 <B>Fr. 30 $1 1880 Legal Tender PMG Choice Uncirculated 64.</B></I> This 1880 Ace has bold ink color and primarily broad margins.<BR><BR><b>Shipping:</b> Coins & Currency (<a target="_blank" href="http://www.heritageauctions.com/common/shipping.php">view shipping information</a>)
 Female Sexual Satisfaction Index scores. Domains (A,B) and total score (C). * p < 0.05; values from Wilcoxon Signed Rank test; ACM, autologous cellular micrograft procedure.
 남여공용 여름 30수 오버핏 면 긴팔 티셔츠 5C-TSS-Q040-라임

============

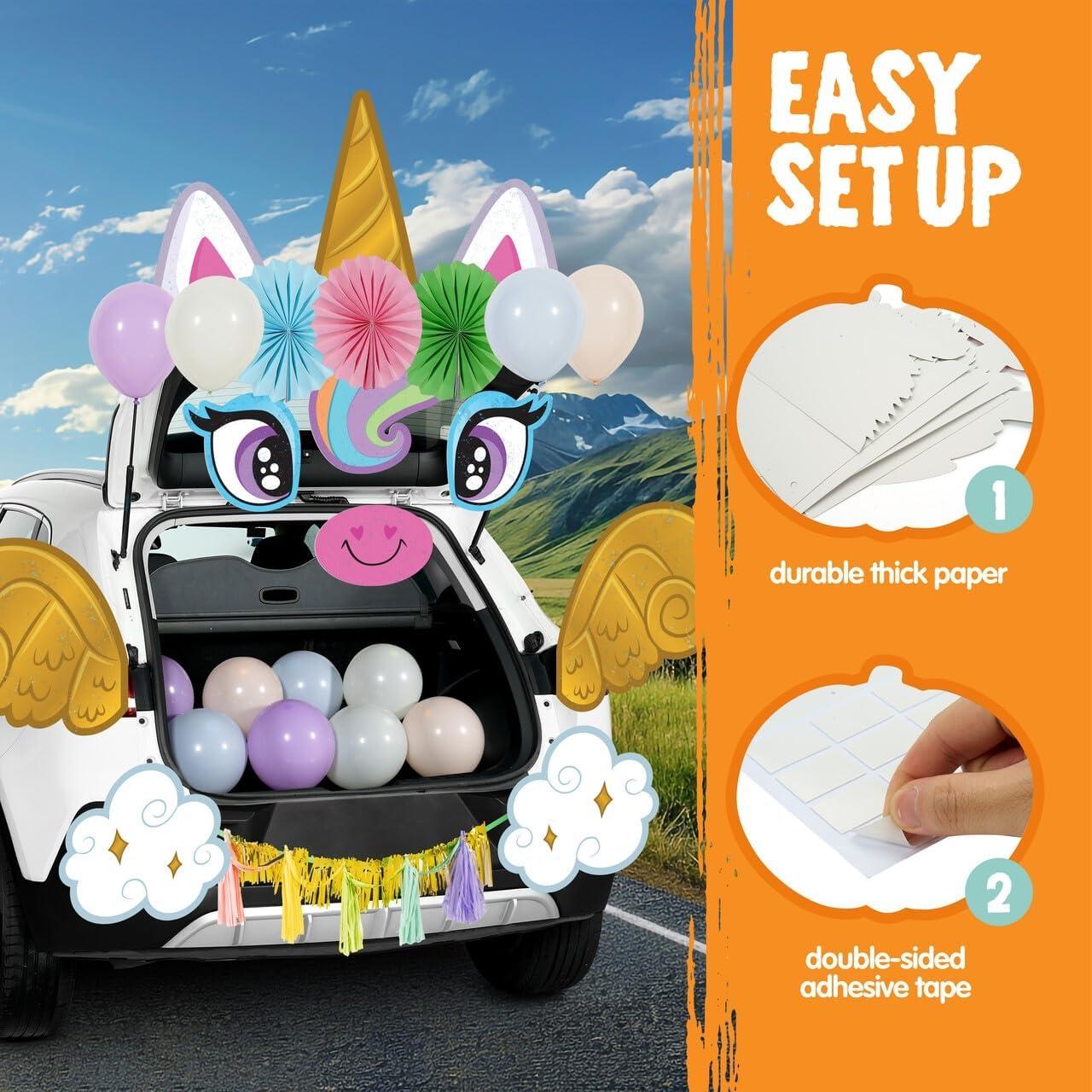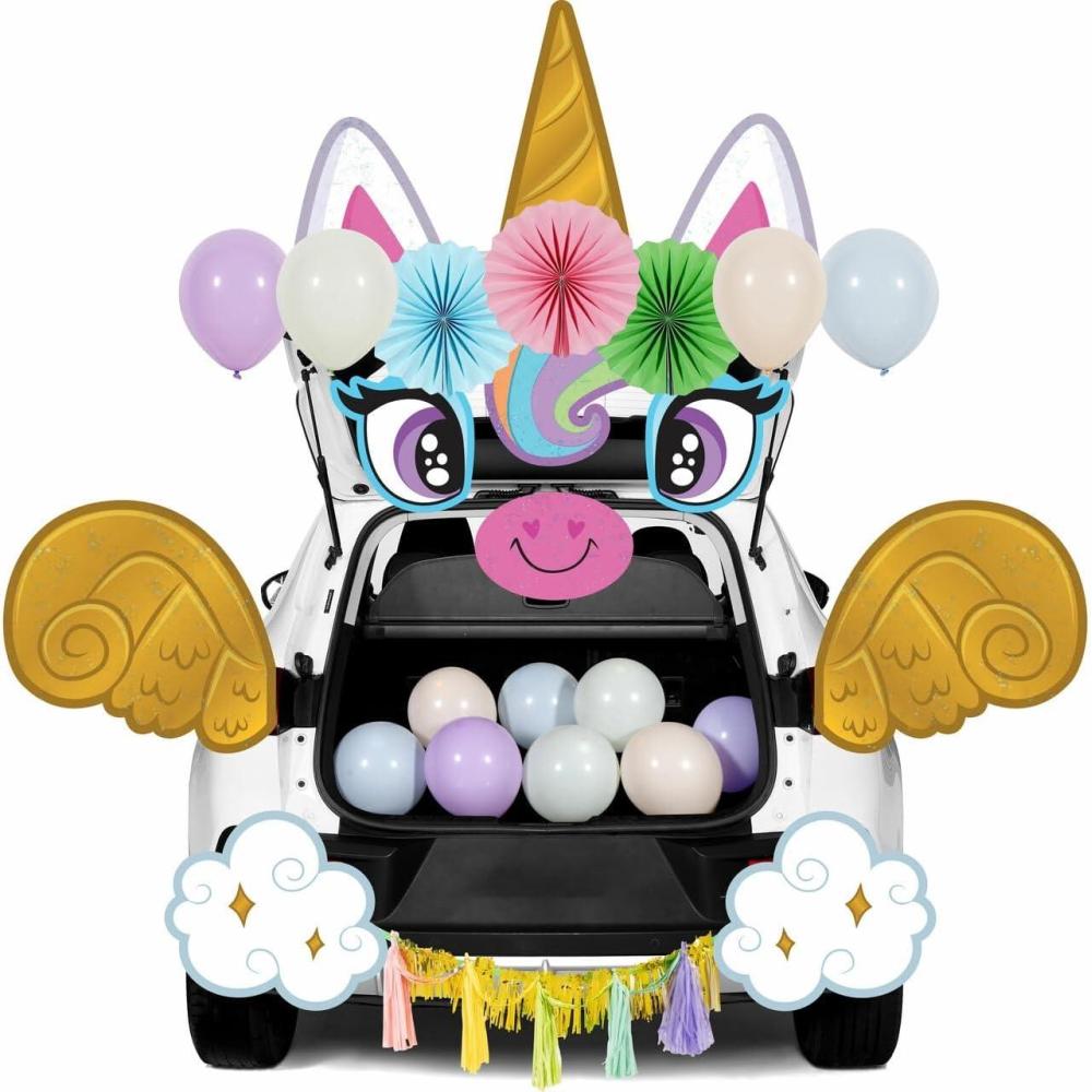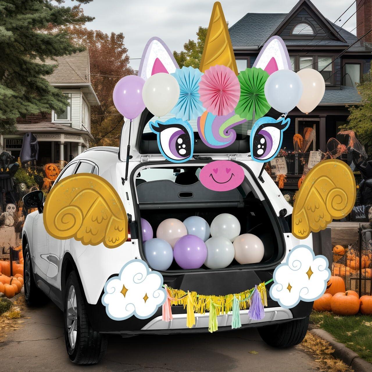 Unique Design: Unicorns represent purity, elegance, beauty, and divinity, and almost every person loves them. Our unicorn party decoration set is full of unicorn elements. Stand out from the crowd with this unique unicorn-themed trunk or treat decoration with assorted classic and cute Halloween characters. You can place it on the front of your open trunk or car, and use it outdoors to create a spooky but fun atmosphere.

============

YOUR OBJECTIVE: Give back exactly the lines above starting at the line where "<B>Fr. 30 $1" appears and ending at the line where "남여공용 여름 30수 오버핏 면 긴팔 티셔츠 5C-TSS-Q040-라임" appears, both included, with no other lines.

COMPLETED EXERCISE:
 <B>Fr. 30 $1 1880 Legal Tender PMG Choice Uncirculated 64.</B></I> This 1880 Ace has bold ink color and primarily broad margins.<BR><BR><b>Shipping:</b> Coins & Currency (<a target="_blank" href="http://www.heritageauctions.com/common/shipping.php">view shipping information</a>)
 Female Sexual Satisfaction Index scores. Domains (A,B) and total score (C). * p < 0.05; values from Wilcoxon Signed Rank test; ACM, autologous cellular micrograft procedure.
 남여공용 여름 30수 오버핏 면 긴팔 티셔츠 5C-TSS-Q040-라임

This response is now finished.